On appeal from the judgment of sentence, appellant raises the following contentions: (1) that his right to a speedy trial under Pa.R.Crim.P. 11033 was violated; (2) that the trial court erroneously overruled his demurrer to the Commonwealth’s evidence on the simple assault charge; and (3) that his trial counsel was ineffective for failing to *256preserve, in post-trial motions, his Rule 1100 claim. We find that appellant has waived the first two issues by not raising them to the trial court in written post-trial motions. Since appellant raises the issue of ineffectiveness of trial counsel, however, and is represented on appeal by counsel associated with the same public defender’s office as was his trial counsel, we must remand this case to the Court of Common Pleas of Delaware County for appointment of appellate counsel not associated with the Delaware County Public Defender’s Office.
In the case of Commonwealth v. Blair, 460 Pa. 31, 331 A.2d 213 (1975), our supreme court held that issues not presented to the trial court in compliance with Pa.R.Crim.P. 1123, i. e., in written post-trial motions, will, not be considered by our trial and appellate courts. In subsequent decisions, the court proceeded to adulterate this requirement by holding that issues would be seen as preserved if briefed before the post-verdict motion court and considered on the merits by that court. See, e, g., Commonwealth v. Jones, 478 Pa. 172, 386 A.2d 495 (1978); Commonwealth v. Pugh, 476 Pa. 445, 383 A.2d 183 (1978); Commonwealth v. Perillo, 474 Pa. 63, 376 A.2d 635 (1977); Commonwealth v. Grace, 473 Pa. 542, 375 A.2d 721 (1977). In recent decisions, however, the supreme court has returned to its initial posture that issues not presented to the trial court in written post-trial motions are waived. See Commonwealth v. Gravely, 486 Pa. 194, 404 A.2d 1296 (1979); Commonwealth v. Twiggs, 485 Pa. 481, 402 A.2d 1374 (1979).
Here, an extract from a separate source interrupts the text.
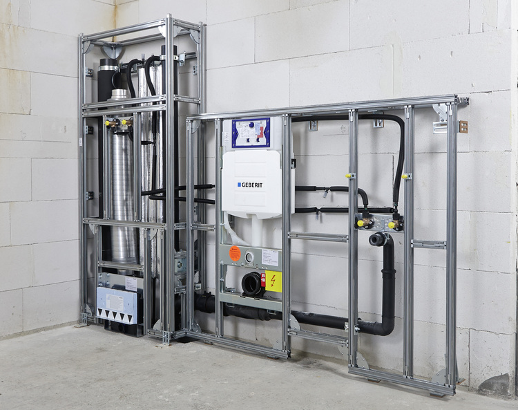 Die Präzision der Werksmontage und die ausschließliche Verwendung von Geberit Produkten erhöhen außerdem die Qualität der Sanitärinstallation. Alle Komponenten sind aufeinander abgestimmt und für den gemeinsamen Einsatz zugelassen. Statt Einzelteilen erhält der Auftraggeber ein Gesamtprodukt, das alle baurelevanten Auflagen – auch zu Schall- und Brandschutz – bereits erfüllt. Der oft hohe Aufwand für die Zulassung von Einzelkomponenten entfällt. Besonders wirtschaftlich und platzsparend lassen sich Brandschutzanforderungen umsetzen, denn die Versorgungs- und Abwasserrohre dürfen auf Nullabstand montiert werden. Im Wohnungsbau ist das ein klarer Vorteil: Je enger die Rohre beieinander montiert werden können, desto kleiner sind die Technikschächte.

In the instant case, appellant filed boiler-plate post-trial motions alleging that: (1) the verdict was contrary to the evidence; (2) the verdict was contrary to the weight of the evidence; (3) the verdict was contrary to the law; and (4) causes appear on the record which are errors of law. The court of common pleas refused to consider the issues of whether appellant’s demurrer and his motion to dismiss under Rule 1100 were improperly denied, and cited Commonwealth v. Blair, supra, to support its action. Under these *257circumstances, the trial court was correct in refusing to consider issues not raised in written post-trial motions, and these issues are waived on appeal.
We are compelled, however, to remand the case to the court of common pleas for appointment of appellate counsel not associated with the Delaware County Public Defender’s Office. Our supreme court has held that when the issue of ineffectiveness of trial counsel is raised on appeal, the appellant is entitled to a remand for appointment of new counsel not associated with trial counsel. Commonwealth v. Glasco, 481 Pa. 490, 393 A.2d 11 (1978). In the instant case, appellant was represented at trial and throughout the post-trial motions stage by Edward Jay Weiss; he was represented at his sentencing hearing by Theodore Melenchuk, and on appeal, he is being represented by Roy Davis. All three counsel were associated with the Delaware County Public Defender’s Office during the time they represented appellant. Since the issue of ineffectiveness of trial counsel is being raised on appeal and appellate counsel and trial counsel were members of the same public defender’s office, we must remand this case to the Court of Common Pleas of Delaware County for appointment of counsel not associated with the Delaware County Public Defender’s Office.4
Case remanded for appointment of new counsel.
HESTER, J., files a dissenting statement.
JACOBS, former President Judge, did not participate in the consideration or decision of this case.